Records from a dataset:

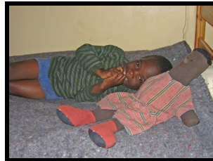
Orphan resting with one of our dolls which was "filled with love" by St. Paul's NoMIC kids.

Nyadire United Methodist Mission located in Zimbabwe contains a hospital, pre-school, primary and secondary schools, teachers' and nurses' training colleges, farm, Home of Hope Orphanage, and a United Methodist Church. In the winter temperatures fall below 40 degrees. We have made blankets and hats for the babies, children and adults on the mission. We have also made dolls, puppets, hacky-sack balls, and checker boards for the children in Home of Hope Orphanage located next to the hospital. For more information go to www.nyadire.org
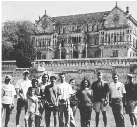
SIHS 1996, in Comillas

The Summer Institute of Hispanic Studies issues detailed pre-departure bulletins for acceptance regarding necessary health and accident insurance coverage, passports, housing in León, travel, medical facilities, etc.
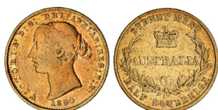
2140* Queen Victoria, second type, 1860. Very good/fine.
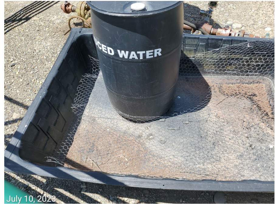
Photo 5: Photo shows Well API #051-06075. Well is the westernmost producing well on the Location; “As Drilled” coordinates within scout card incorrect. Photo right shows wildlife protection BMP (chicken wire/netting) is no longer in proper functioning condition.

EXERCISE PROMPT:
Starting at the line containing "The Summer Institute" and stopping at the line containing "2140* Queen Victoria, second", output each line exactly as it appears above. Leave out the pictures.

SOLVED PROBLEM:
The Summer Institute of Hispanic Studies issues detailed pre-departure bulletins for acceptance regarding necessary health and accident insurance coverage, passports, housing in León, travel, medical facilities, etc.
2140* Queen Victoria, second type, 1860. Very good/fine.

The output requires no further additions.